Across America, multifamily lending volumes are up 40 percent, and locally many banks have either already increased their lending to the asset class or say they plan to. iStock photo
Multifamily has become the almost last asset class standing when it comes to ground-up commercial development in Massachusetts, and banks are increasing their involvement in the sector accordingly.
Recent research by commercial brokerage CBRE found nationwide multifamily lending volume was up 40 percent year-over-year, primarily driven by increases in non-agency loan production from banks and life insurance companies.
In Massachusetts, for example, Eastern Bank increased its multifamily balance by 20 percent year-over-year according to its first-quarter earnings presentation.
“The Greater Boston market, from both a rental and for-sale housing standpoint, is significantly supply starved,” said Matthew Osborne, Eastern Bank’s executive vice president and chief credit officer. “While the unfortunate by-product of this is increased affordability challenges, it does drive a more attractive investment and lending profile when compared to other asset classes due to its strong demand and relatively higher barriers to entry.”
Other publicly traded local banks noted increases in multifamily lending volume in their earnings reports. Rockland Trust increased its from $1.88 billion in the first quarter of 2024 to $2 billion in the first quarter of 2025. HarborOne Bank increased its multifamily balance by 25.95 percent.
After a brief dip in multifamily lending due to a lack of production, Cambridge Savings Bank Senior Vice President Aidan Hume said that CSB plans to be more active in the market. Leader Bank executives said that the bank has increased its multifamily lending capacity.
Why? Bankers interviewed for this story say they’re all being attracted by the sector’s promise of stability.
Multifamily Has Structural Advantages
Multifamily has become such a low-risk investment due to a collision of an unstoppable force and a currently-immovable object: the innate need that humans have for housing and the lack of housing production in Boston.
“Investors are gaining more clarity (and a growing conviction) for strengthening fundamentals,” Matt Vance, Americas head of multifamily research for CBRE, said in an email. “Looking ahead, as rent growth recovers (even in the most negative of markets), renter demand remains strong, a dwindling supply pipeline, and the Fed—who is not posturing to raise rates without significant reason to—buyers recognize an opportunity to invest in what they feel is the beginning of the next appreciation cycle.”
With a slowdown in multifamily project completions after a small, pandemic-era boom, rental market observers and investors all generally expect Boston apartment buildings will enjoy continued rent growth for the near future.
“There’s a housing crunch in our market.
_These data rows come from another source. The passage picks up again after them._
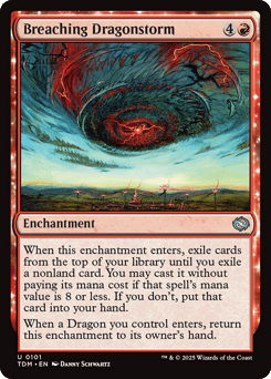 When this enchantment enters, exile cards from the top of your library until you exile a nonland card. You may cast it without paying its mana cost if that spell's mana value is 8 or less. If you don't, put that card into your hand. When a Dragon you control enters, return this enchantment to its owner's hand.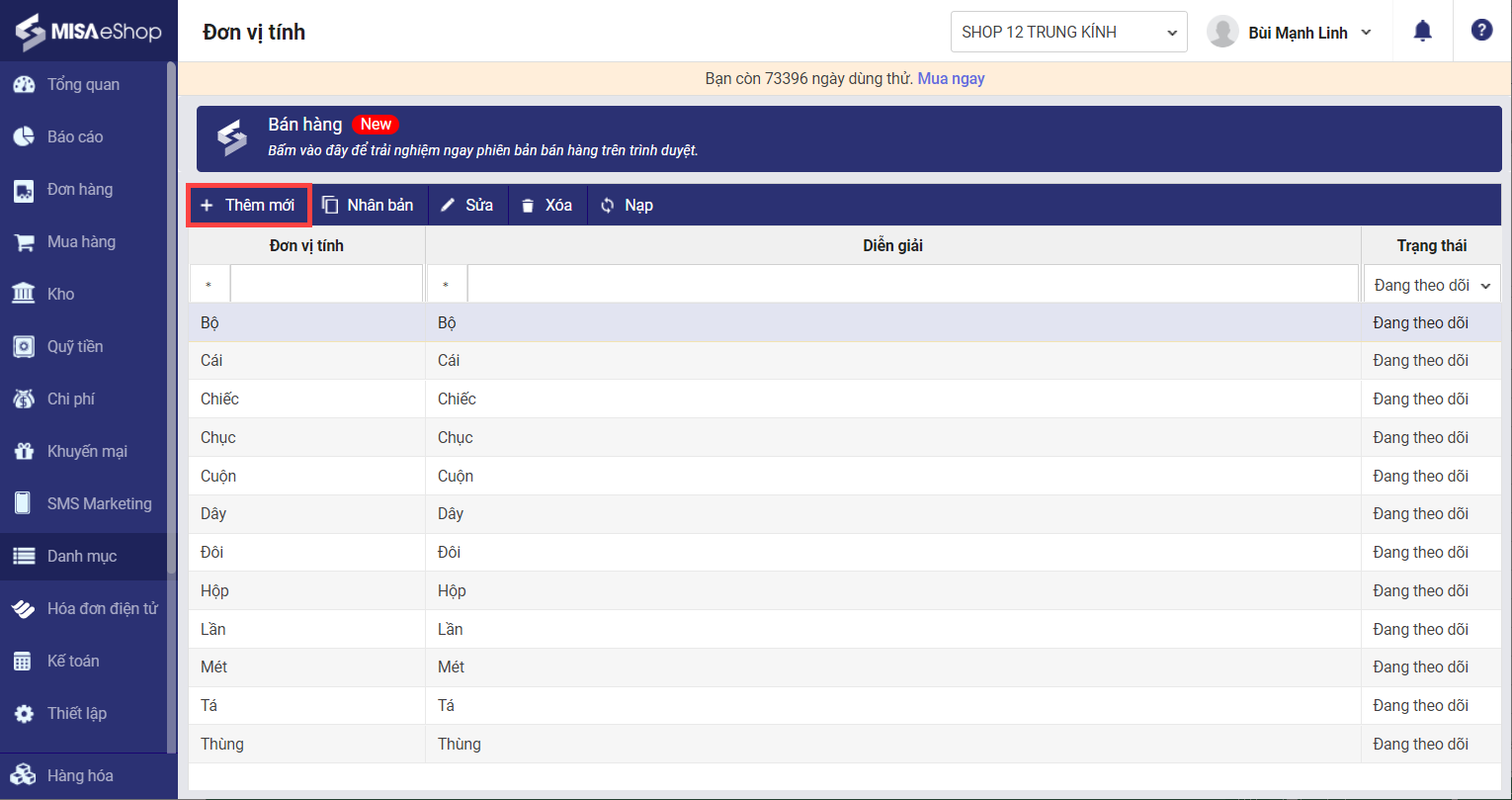 2. Nhấn Thêm mới.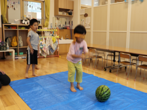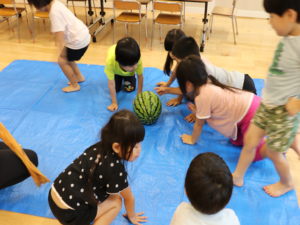 お友だちの声援に耳をかたむけながら、少しずつすいかに近づきます✨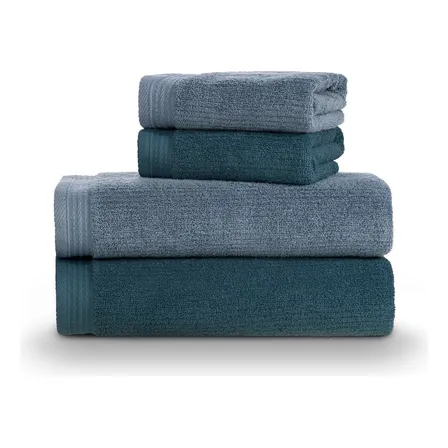 Jogo De Toalhas Banho 4pç 100 Algodão Softmax Imperial Karsten Azul Liso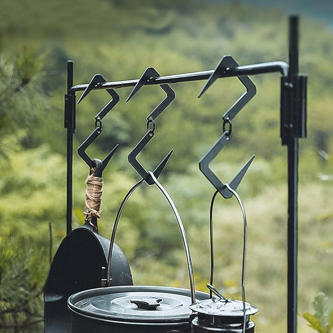 なお、焚き火フックとして使って、様々なハンガーを組み合わせて使用可能でございます。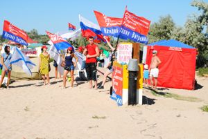 Комендантом палаточного городка назначен председатель Евпаторийской организации Партии "Киевская Русь" Николай Ковалев. Городок обеспечен круглосуточной связью и интернетом. А каждый вечер здесь работает полевой кинотеатр с демонстрацией последних видео новостей о политической ситуации в стране и мире.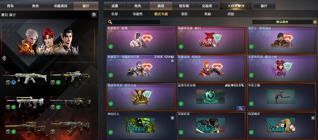 四防神威莲华,炼狱金翼禅狮,5盘龙,5蝴蝶刀。幻神,幻影,天袭,天戎,白虎,qbz,2烈龙evo

That’s not going away anytime soon and without properties breaking ground at a fast enough rate, what’s going to happen is that landlords are going to continue to find themselves in a favorable position, assuming the economy doesn’t collapse…to push rent” increases, said Colliers Boston Research Director Jeffrey Myers.
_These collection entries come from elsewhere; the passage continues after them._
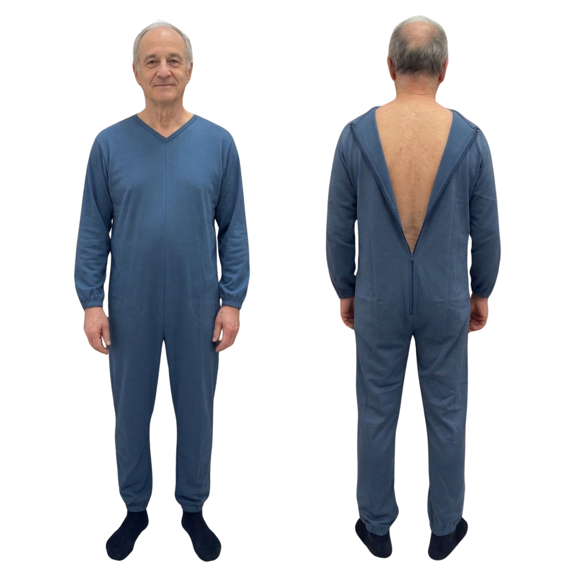 Progettato per garantire comfort, igiene e praticità, questo pigiama è dotato di cerniera posteriore integrale, che facilita il lavoro degli operatori durante il cambio degli ausili e impedisce al paziente di rimuovere autonomamente l’indumento.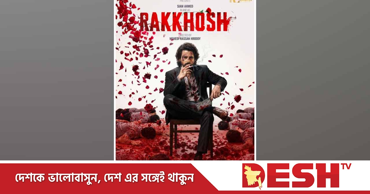 একটি চেয়ারে বসে আছেন সিয়াম আহমেদ। পায়ের ওপর পা তোলা, ঠোঁটে সিগারেট, বা হাতে রক্তমাখা চাপাতি। তার মুখ, জামায় রক্তে ভরা। চেয়ারের চারপাশে অনেকগুলো মরদেহ। তাদের ওপরে গোলাপের বৃষ্টি পড়ছে। সিয়ামের মাথার ওপরে লাল রঙে ‘রাক্ষস’-এর টাইটেল লোগো। এমনটা দেখা গেছে এবারের ঈদের আকাঙ্ক্ষিত ছবি ‘রাক্ষস’-এর প্রথম পোস্টারে।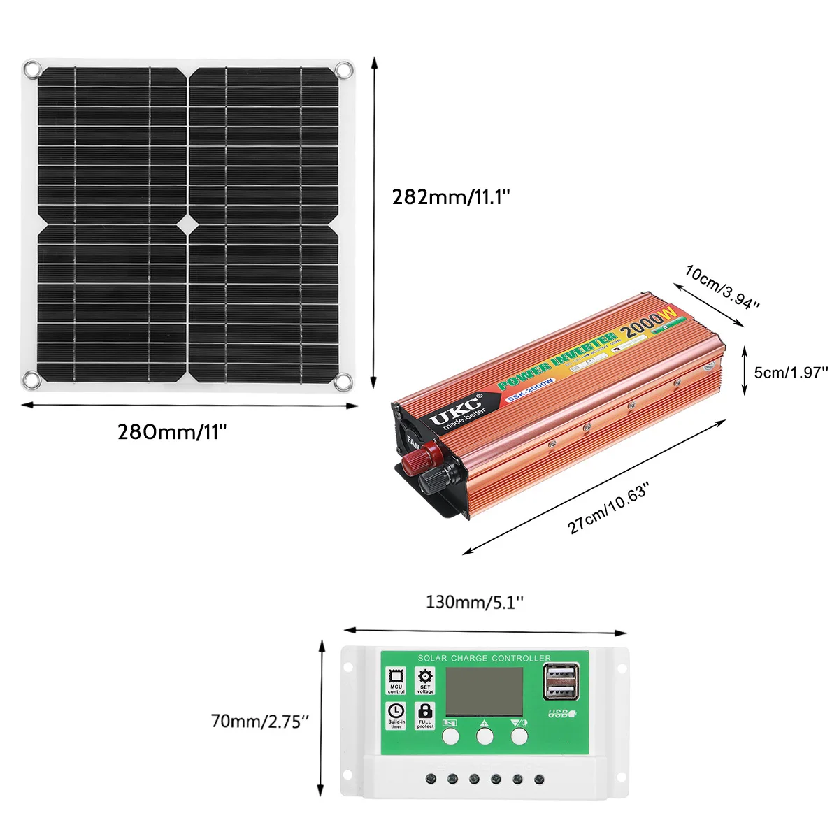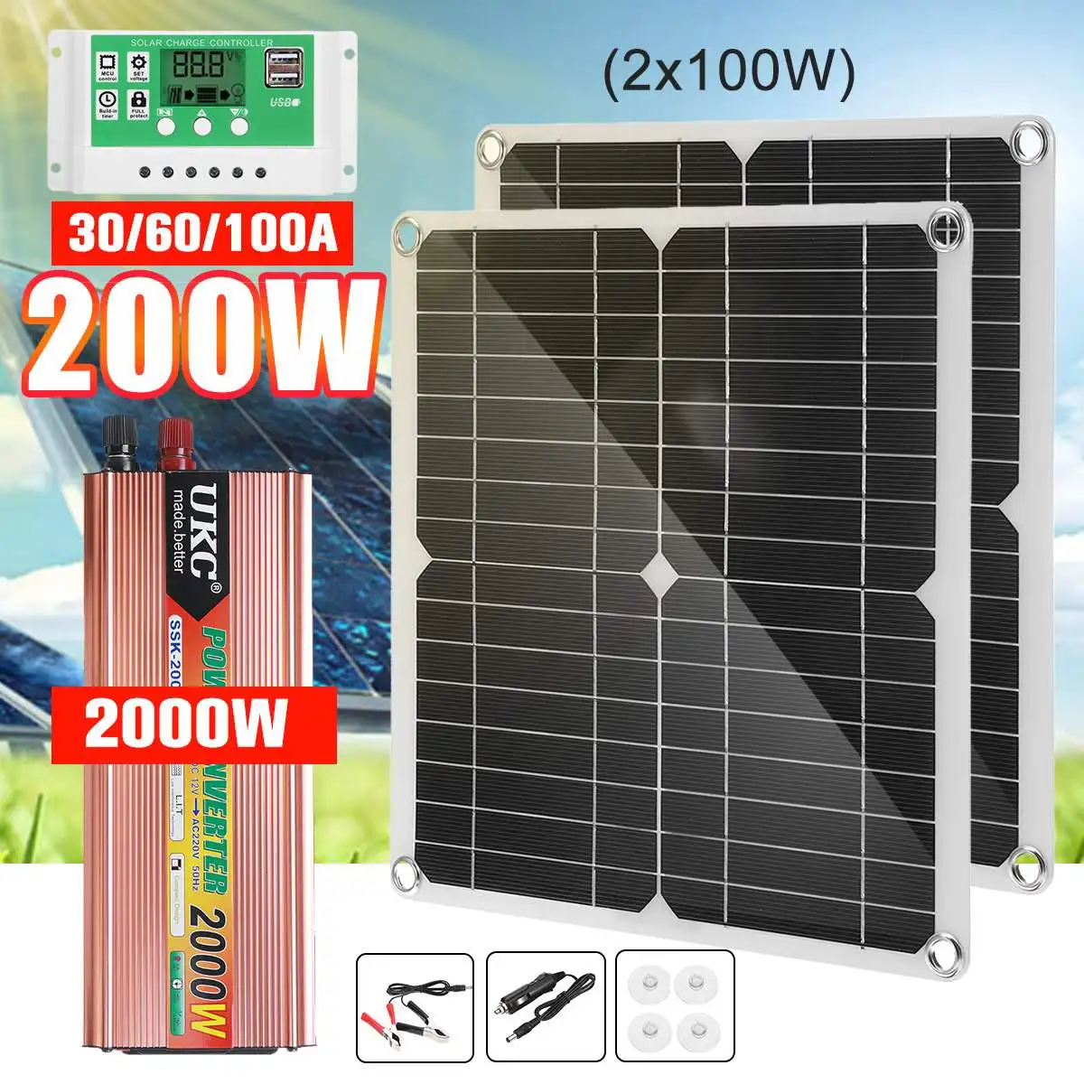 Особенности комплекта солнечной панели:-Используется для зарядки MP3 телефонов, планшетов и других контролируемых устройств.-Два женских USB-порта, вы можете легко заряжать устройство через USB-кабель для зарядки.-Вы можете поставить панель на солнце и использовать ее для прямой зарядки устройства.-Подходит для езды на велосипеде, альпинизма, пеших прогулок, кемпинга, путешествий и т. д.Особенности комплекта инвертора питания:-Преобразует питание аккумулятора постоянного тока 12 В в стандартный переменный ток 220 В.-Идеально подходит для питания, мобильных телефонов, ноутбуков, dvd-плееров, MP3-плееров и другой небольшой электроники.-Удобный дизайн с компактными размерами, легкий вес, высокая эффективность, удобство переноски.-Множественная надежная защита, универсальная розетка.Спецификация:Название продукта: комплект солнечных панелейРазмер: x мм/11x дюймаЦвет: многоцветныйМатериал: монокристаллический силиконКласс водонепроницаемости: IP65Конверсия: 23-24%Подходит для: велосипеда, альпинизма, пеших прогулок, кемпинга, путешествий и т. д.Комплектация:Комплект инвертора питания:1 х Инвертор1 х соединительная линия1 штекер прикуривателя1 х Руководство пользователяНабор 60A1 солнечная панель4 х Присоска1 зажим типа «крокодил»1 х Автомобильное зарядное устройство1 Солнечный контроллер 60 А1 х Инвертор1 х соединительная линия1 штекер прикуривателя1 х Руководство пользователя100A набор:1 солнечная панель4 х Присоска1 зажим типа «крокодил»1 х Автомобильное зарядное устройство1 Солнечный контроллер 100 А1 х Инвертор1 х соединительная линия1 штекер прикуривателя1 х Руководство пользователяДва комплекта солнечных панелей 60 А:2 солнечных панели8 X присоска2 зажима типа «крокодил»2 автомобильных зарядных устройства1 Солнечный контроллер 60 А1 х Инвертор1 х соединительная линия1 штекер прикуривателя1 х Руководство пользователяДва комплекта солнечных панелей 100 А:2 солнечных панели8 X присоска2 зажима типа «крокодил»2 автомобильных зарядных устройства1 Солнечный контроллер 60 А1 х Инвертор1 х соединительная линия1 штекер прикуривателя1 х Руководство пользователяПримечание:1. Возможны отклонения в 1-3 см (0,4-1,18 дюйма) из-за ручного измерения и небольшие различия в цвете из-за различных настроек дисплея.2. Из-за разницы светильник и экранах цвет изделия может немного отличаться от pi

Lenders and investors are assuming rents will grow a steady 2.7 percent at core assets and 3.1 percent at value-add assets over the next three years, according to CBRE. Zeroing in on Boston, CBRE research says the market’s rent growth sits at 3.5 percent and 4.5 percent.
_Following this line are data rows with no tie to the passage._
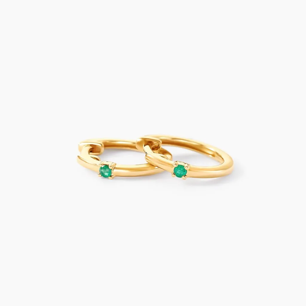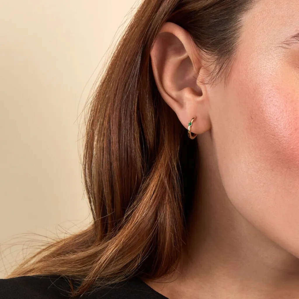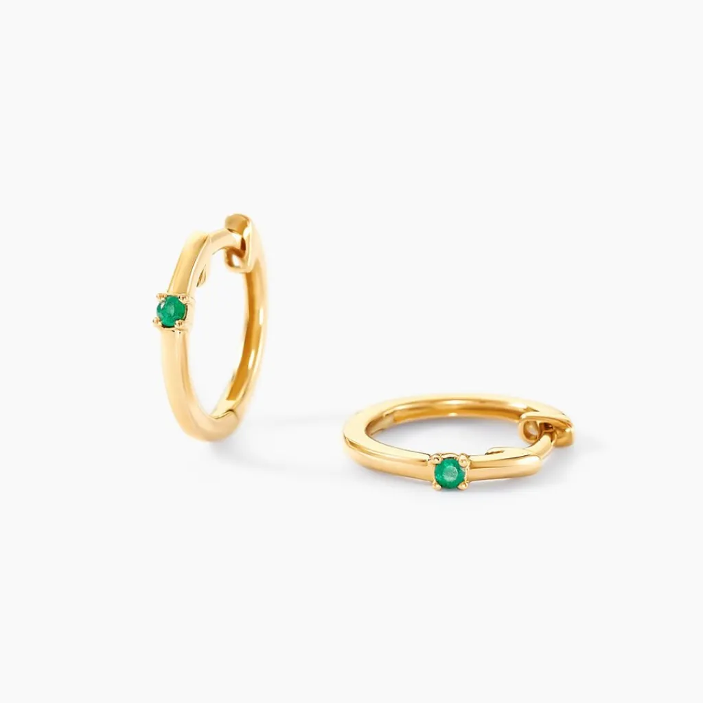 Creoles Or Jaune 375/1000 Emeraudes Rondes 0.08cts Serti Griffes Diametre 10.4mm
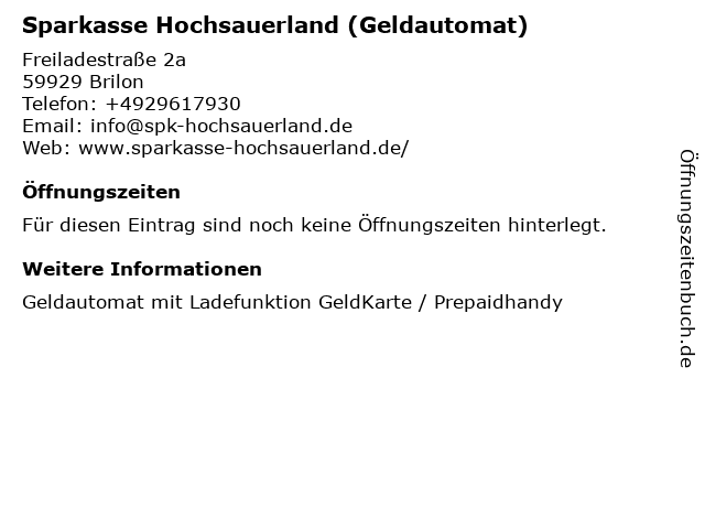 3 Sparkasse Mitten im Sauerland (Geldautomat) (Entfernung: 4,95 km) Dominitstraße 5, 59929 Brilon-Hoppecke 5 Sparkasse Mitten im Sauerland (Geldautomat) (Entfernung: 7,47 km) Untere Bahnhofstraße 20, 59929 Brilon 6 |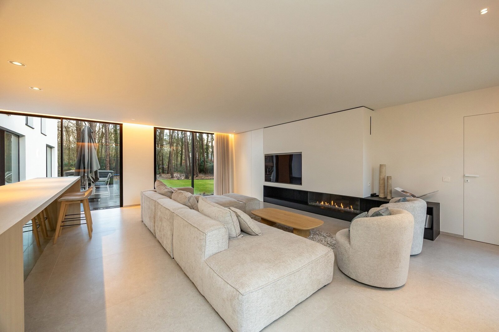 De woonkamer van 57 m², afgewerkt met tegelvloer, creëert een aparte ontspanningsruimte en is voorzien van een stijlvolle gashaard met dubbele warmterecuperatie, moderne bar en maatwerkkasten.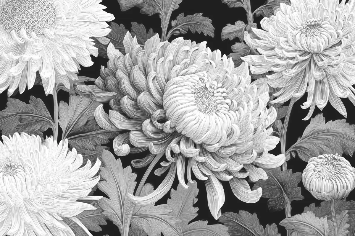 Papier peint photo Grandes orchidées noires et blanches avec feuilles N° w09125v1

“Rent growth plays several key roles in how buyers, lenders, and sellers view real estate performance,” said Vance. “Higher rent growth means higher returns.”
Could Lenders’ Interest Cool?
Office still remains the dreaded sector in CRE, but multifamily market didn’t leave the pandemic entirely unscathed, either, said Leader Bank Chief Lending Officer Matthew Pierce.
“That was the first time in 25 years that I saw such a weakness in that book of business because where we’re located, just by default, we’re very concentrated and relying on businesses that come out of the universities,” he said. “We’re just north of Boston, so Aug. 31 is the biggest turnover date in Boston.”
The impacts of rent freezes and remote schooling and work had an impact on the entire banking industry. Unless another once-in-a-century pandemic occurs, Pierce believes that multifamily loans will continue to perform well.

Sam Minton
But there could be reasons to expect a slight cooling in the appeal of multifamily development and investment deals in the coming quarters.
Massachusetts is currently lagging the nation in job growth, and actually lost jobs on a year-over-year basis in the first quarter according to state employment data.
“If we start losing jobs, as we actually did on a year-over-year basis as of the end of the first quarter, that’s something that could stall out some of the demand that we had been seeing, and lay on potential absorption,” Myers said. “I don’t know that it would totally disrupt fundamentals in such a serious manner as to make it not investable, but it’s something that could certainly lay on folks’ mind if they were looking at the property type six months from now.”
Similarly to job growth, the Trump administration’s drive to slash federal health and biotech research dollars could hurt the multifamily market, said Bob Brown, Brookline Bank’s head of commercial real estate lending.